Programming & Development / April 8, 2025

LeetCode 72: Edit Distance in Go – Dynamic Programming for Minimum Operations

Go Golang LeetCode Edit Distance Dynamic Programming Minimum Operations String Transformation Interview Problem DP Matrix String Algorithm

Introduction

LeetCode 72: Edit Distance is one of the most important dynamic programming problems, often asked in technical interviews. It involves transforming one string into another using the fewest possible operations.

This problem is also known as the Levenshtein Distance, and it's fundamental in text similarity, spell checkers, and DNA sequence alignment.

Problem Statement

Given two strings word1 and word2, return the minimum number of operations required to convert word1 to word2.

You may perform the following operations:

  • Insert a character
  • Delete a character
  • Replace a character

Examples:

go

Input: word1 = "horse", word2 = "ros"
Output: 3
// Explanation:
// horse -> rorse (replace 'h' with 'r')
// rorse -> rose (remove 'r')
// rose -> ros (remove 'e')

Input: word1 = "intention", word2 = "execution"
Output: 5

Approach: Dynamic Programming

We solve this using a 2D DP table, where dp[i][j] represents the minimum number of operations to convert the first i characters of word1 into the first j characters of word2.

Recurrence Relation:

If characters match:

dp[i][j] = dp[i-1][j-1]

If not:

swift

dp[i][j] = 1 + min(
    dp[i-1][j],   // delete
    dp[i][j-1],   // insert
    dp[i-1][j-1]  // replace
)

Go Implementation

go

func minDistance(word1 string, word2 string) int {
    m, n := len(word1), len(word2)
    dp := make([][]int, m+1)
    for i := range dp {
        dp[i] = make([]int, n+1)
    }

    for i := 0; i <= m; i++ {
        dp[i][0] = i
    }
    for j := 0; j <= n; j++ {
        dp[0][j] = j
    }

    for i := 1; i <= m; i++ {
        for j := 1; j <= n; j++ {
            if word1[i-1] == word2[j-1] {
                dp[i][j] = dp[i-1][j-1]
            } else {
                dp[i][j] = 1 + min(
                    dp[i-1][j],   // delete
                    dp[i][j-1],   // insert
                    dp[i-1][j-1], // replace
                )
            }
        }
    }

    return dp[m][n]
}

func min(a, b, c int) int {
    if a < b {
        if a < c {
            return a
        }
        return c
    }
    if b < c {
        return b
    }
    return c
}

Explanation

  • We initialize the dp table such that converting a string to an empty string takes i operations.
  • Then we fill the table using the recurrence relation.
  • The final answer is at dp[m][n], representing the cost to convert the full word1 to word2.

Time and Space Complexity

MetricComplexityTime ComplexityO(m * n)Space ComplexityO(m * n)

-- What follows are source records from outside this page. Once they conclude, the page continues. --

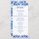 Perfect for both formal and casual affairs, this Blue and White Moroccan Pattern Wedding Menu effortlessly complements a variety of wedding themes, adding a hint of sophistication to your celebration. Set the tone for an unforgettable dining experience with this enchanting menu card, sure to leave a lasting impression on your guests.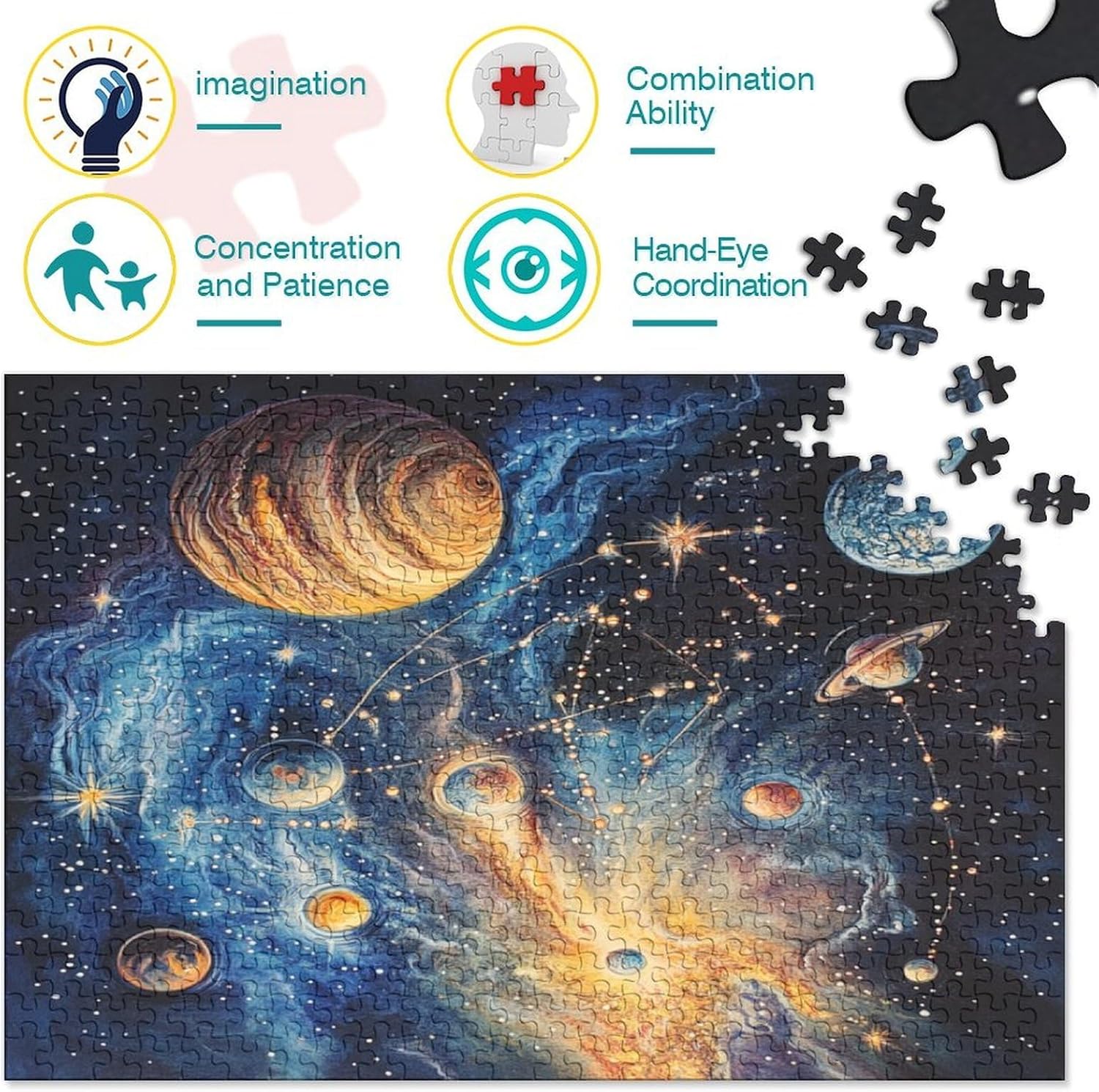🌸GIOCHI PER ADULTI: una sfida emozionante da regalare a tutti li appassionati di puzzle e amanti dell'arte, ideale per uomo, donna o ragazzi; i puzzle aiutano a esercitare la memoria, migliorano la concentrazione e stimolano l'intuizione 🌸QUALITÀ PREMIUM: il massimo del divertimento con prodotti di altissima qualità in termini di materiali, motivi e design; realizzati in legno tagliati con fustelle fatte a mano, per un risultato impeccabile 🌸Buon regalo: il puzzle finito misura 70x50cm/1000pcs una volta completato. I migliori regali per ragazzi e ragazze dai 14 anni in su per compleanni o festività (Natale, Halloween, Ringraziamento, ecc.) 🌸Concediti una piacevole pausa relax! La nostra linea di puzzle da Cosmic Galaxy 1000 pezzi è il regalo perfetto per chi ama ritagliarsi un momento di svago e di relax mettendo alla prova le proprie abilità logiche e di concentrazione 🌸I nostri Puzzle ti offrono un'ampia scelta d'immagini capace di soddisfare i gusti di tutti: grazie alla qualità dei materiali riciclati, la robustezza e resistenza dei singoli pezzi insieme alla brillantezza dei colori, ti garantiamo un risultato impeccabile e privo di riflessi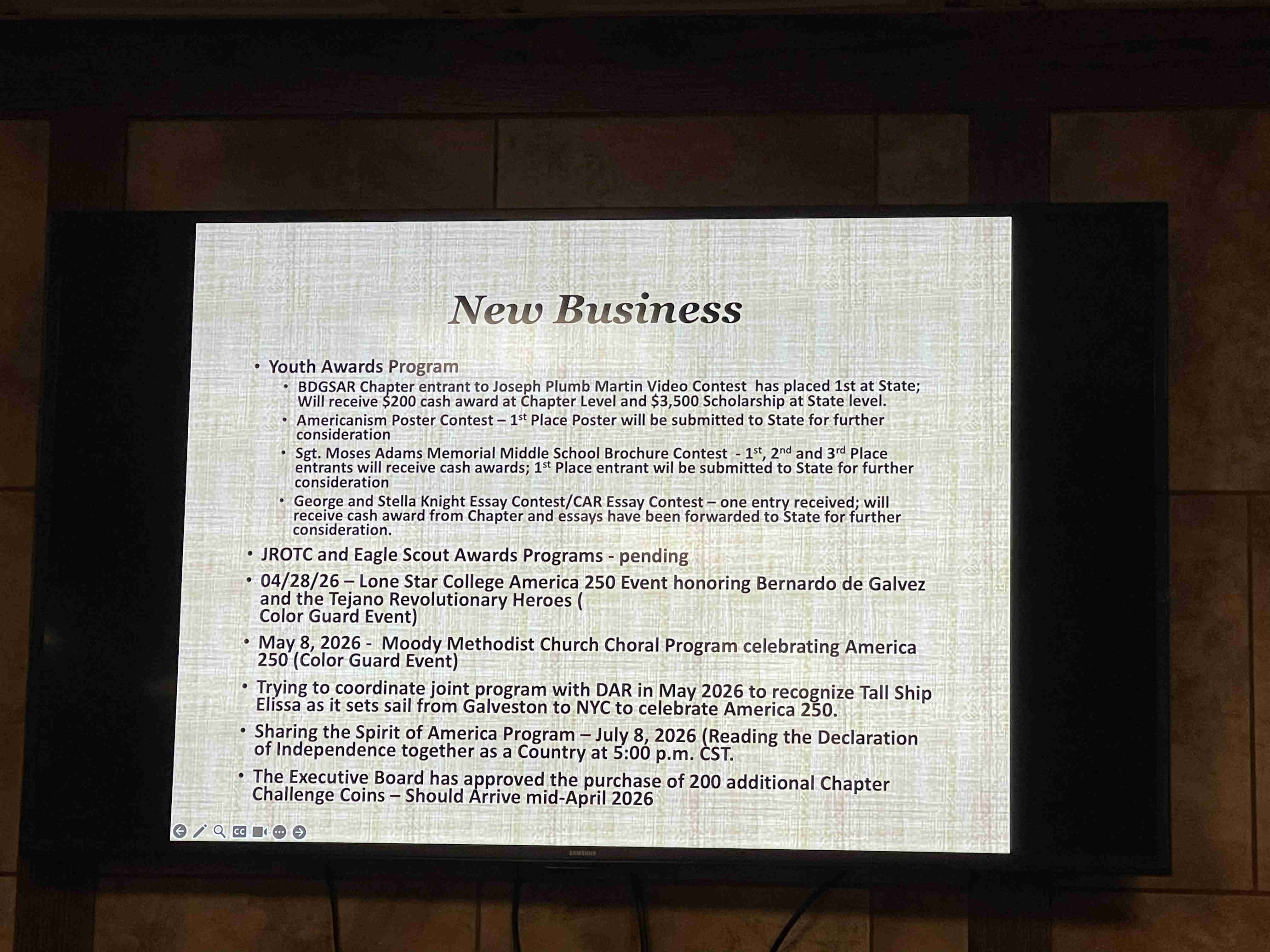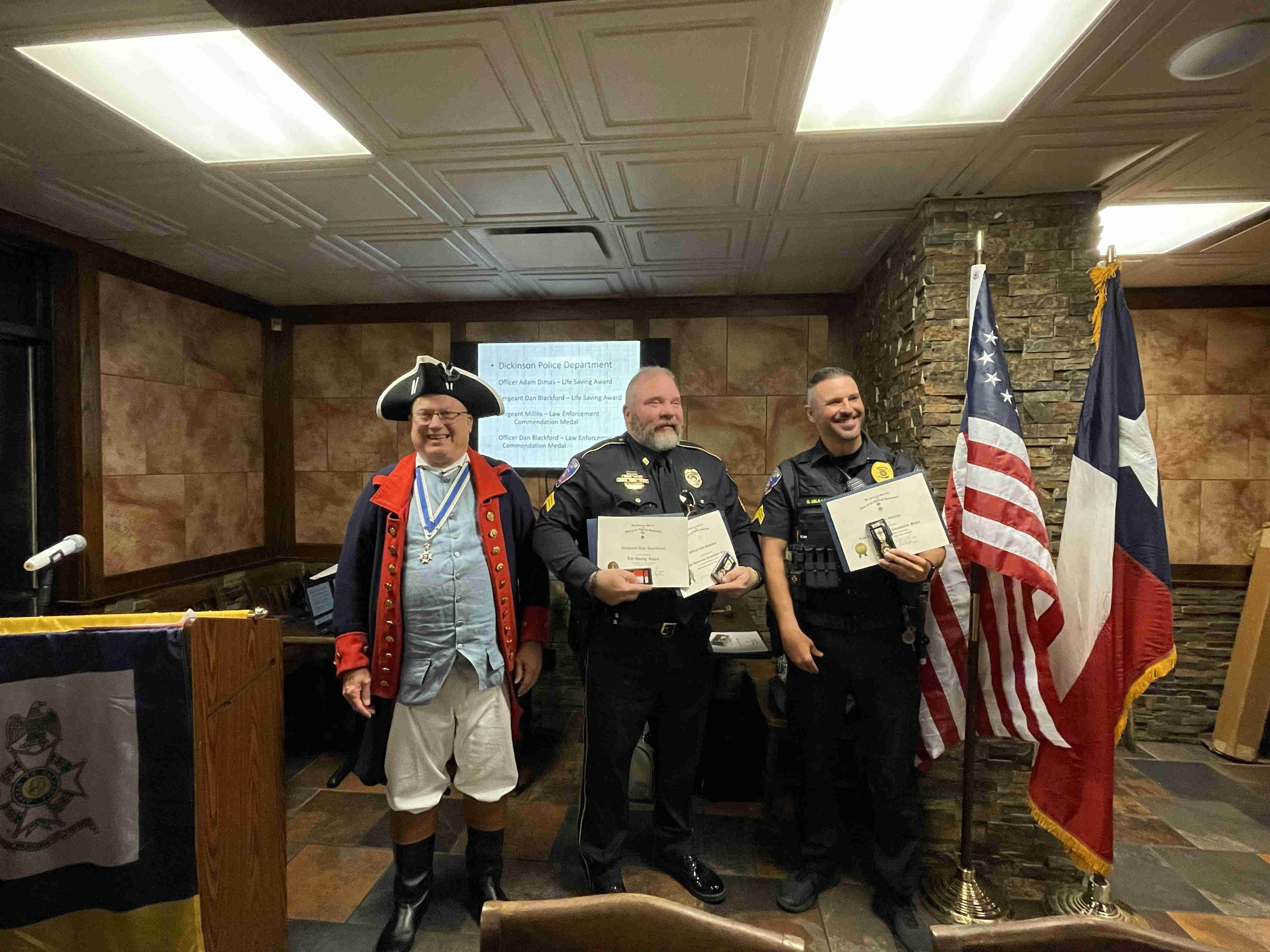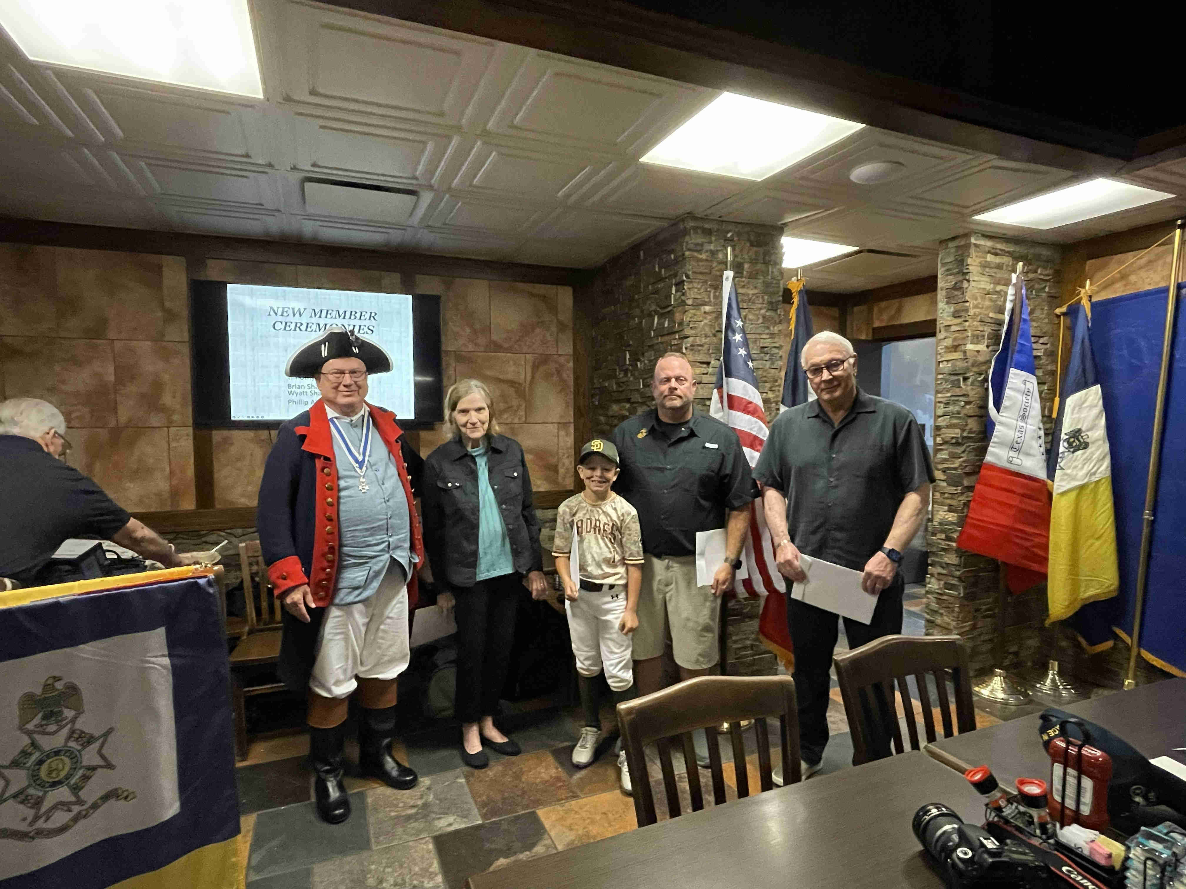 0037 President Loper President Loperthanking long time member and past-President Pete Lenes for the Texas Society Flag

Where m = len(word1) and n = len(word2).

Space Optimization (Optional)

Since each row only depends on the previous row, this can be optimized to use O(n) space. Let me know if you’d like that version too!

Conclusion

LeetCode 72 is a classic and crucial problem in the dynamic programming arsenal. It elegantly shows how we can build up optimal solutions using subproblems and handle complex scenarios like string transformations efficiently.

Solving this in Go is clean and intuitive using slices and nested loops.